In april hadden 3,7 miljoen mensen van 15 tot 75 jaar om uiteenlopende redenen geen betaald werk. Naast werklozen ging het om 3,3 miljoen mensen die niet recent hebben gezocht en/of niet direct beschikbaar zijn voor werk. Zij worden niet tot de beroepsbevolking gerekend. In de laatste drie maanden is deze niet-beroepsbevolking met gemiddeld 20 duizend per maand afgenomen naar het laagste aantal sinds juni 2009. Het gaat voornamelijk om mensen die met pensioen zijn, of niet kunnen werken vanwege ziekte of arbeidsongeschiktheid.
Om de conjuncturele ontwikkelingen op de arbeidsmarkt in verschillende landen te kunnen vergelijken, wordt gebruikgemaakt van de werkloosheidsindicator van de International Labour Organization (ILO). Volgens deze indicator zijn mensen werkloos als ze geen betaald werk hebben, maar daar wel recent naar hebben gezocht en direct beschikbaar zijn. Dit cijfer heeft betrekking op de bevolking van 15 tot 75 jaar. Tussen februari en juli 2020, bij het begin van de coronacrisis, nam het werkloosheidspercentage toe van 4,0 naar 5,5. Vervolgens is de werkloosheid vrijwel voortdurend afgenomen tot 3,2 procent van de beroepsbevolking in april van dit jaar. Dat is het laagste percentage in de reeks met maandcijfers vanaf 2003.

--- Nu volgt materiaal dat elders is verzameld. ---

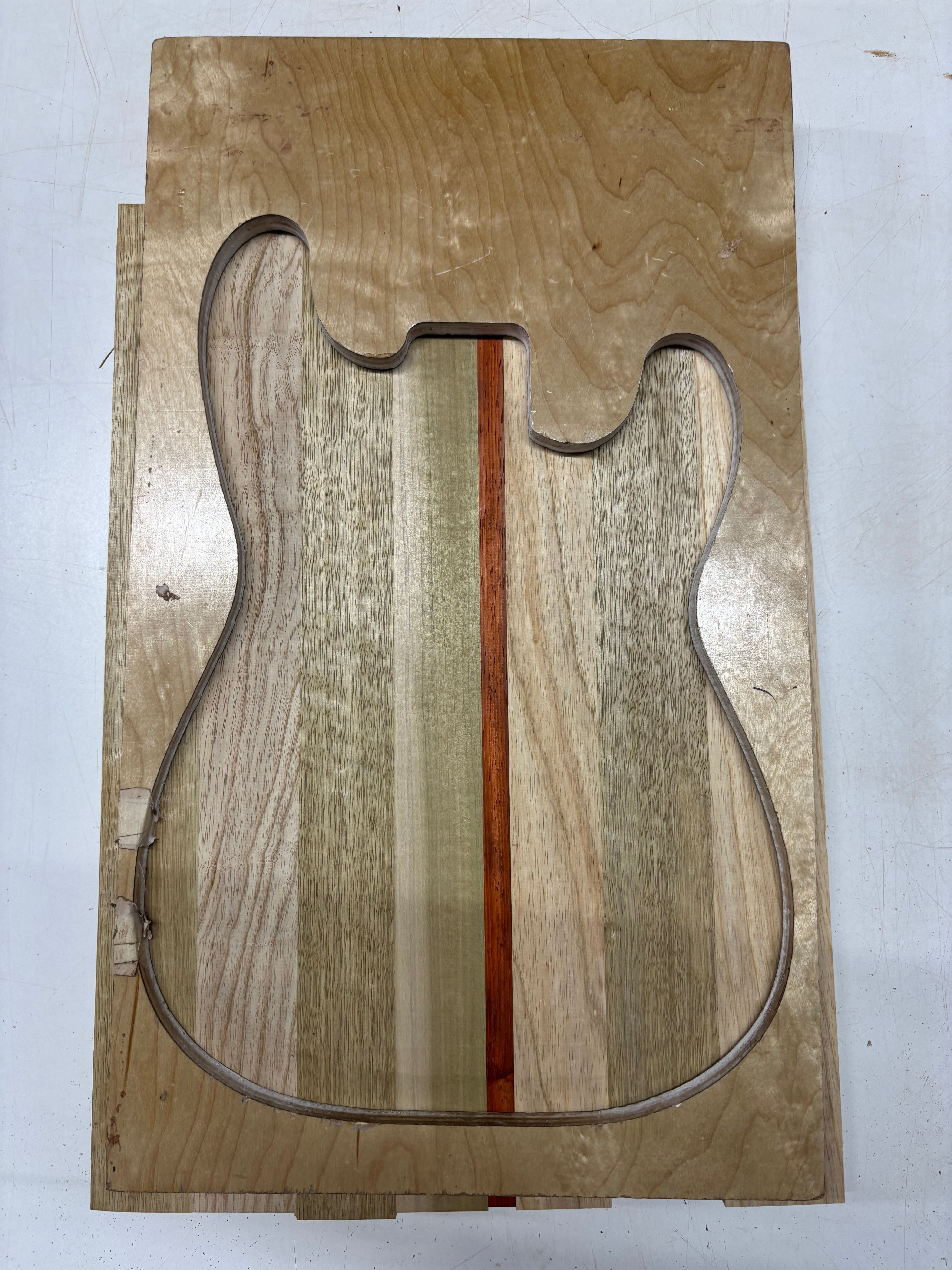 8 Piece, Glued 4 Species White Limba+ Swamp Ash+ Poplar + Padauk Body Blank 20-1/2"x15"x1-7/8" #6371
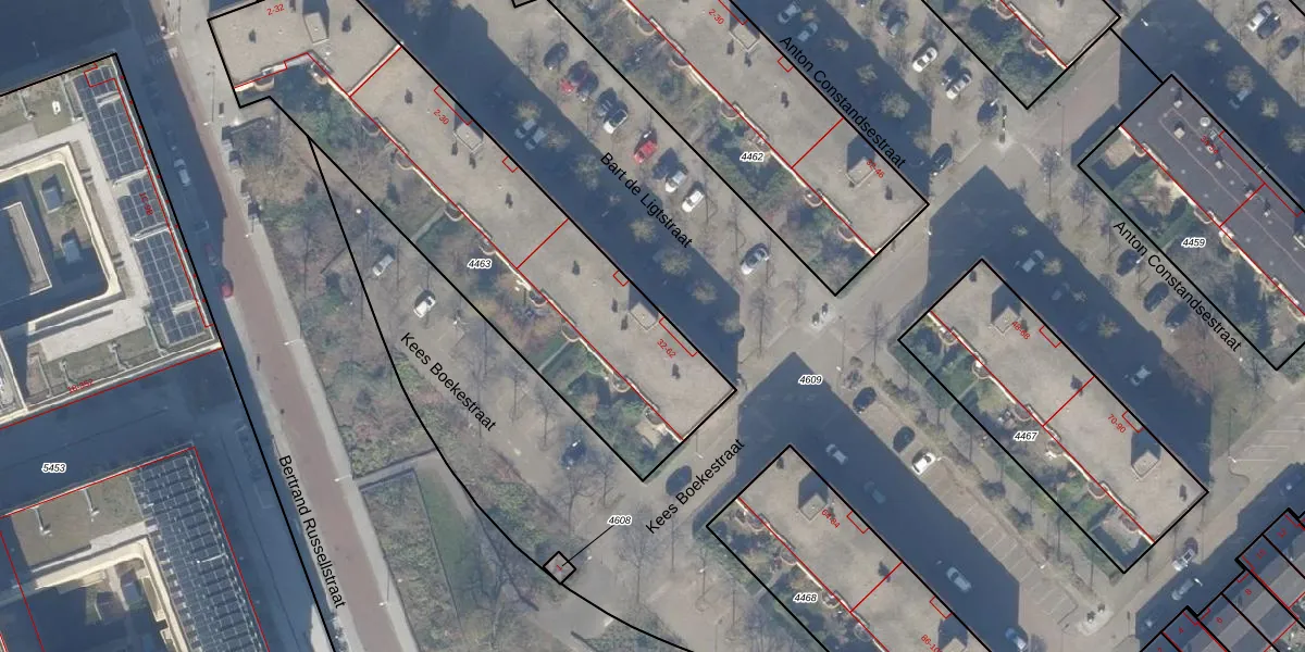 Het perceel waarop Bart de Ligtstraat 46 staat heeft een oppervlakte van 1888 m². Dit is een zeer groot perceel. De perceeloppervlakte wordt geregistreerd door het Kadaster. Gedetailleerde informatie over de maten van dit perceel kunt u vinden in het rapport Kadastrale kaart met maatvoering van Bart de Ligtstraat 46.

Het aantal lopende WW-uitkeringen is verder gedaald. UWV telde 175 duizend WW-uitkeringen eind april 2022. Dat zijn er 9,2 duizend minder dan een maand eerder (-5,0 procent). Vergeleken met april vorig jaar lag het aantal WW-uitkeringen 34,4 procent lager. In april 2022 werden er 24,9 duizend WW-uitkeringen beëindigd en kwamen er 15,7 duizend nieuwe WW-uitkeringen bij.
Het aantal lopende WW-uitkeringen lag in alle sectoren in april 2022 lager dan een maand eerder. De afname was veruit het grootst in de horeca en catering (-13,5 procent). Daarnaast daalde het aantal WW-uitkeringen in april ook flink in de cultuursector (-7,2 procent), bij uitzendbedrijven (-6,7 procent) en in de landbouw (-6,5 procent).
Van de 3,3 miljoen mensen die niet behoren tot de beroepsbevolking was het merendeel 45 tot 75 jaar. Sinds de start van de reeks met maandcijfers in 2003 schommelt hun aantal tussen de 2,5 miljoen en de 2,7 miljoen. Met iets meer dan 2,5 miljoen waren het er niet eerder zo weinig als in de afgelopen maand. De meest genoemde reden voor deze 45-plussers om niet te werken is pensioen of een hoge leeftijd, en daarna ziekte of arbeidsongeschiktheid. De voornaamste reden voor jongeren om niet te werken is dat ze een opleiding of studie volgen. Bij 25- tot 45-jarigen gaat het vaak om ziekte of arbeidsongeschiktheid, of de zorg voor het gezin.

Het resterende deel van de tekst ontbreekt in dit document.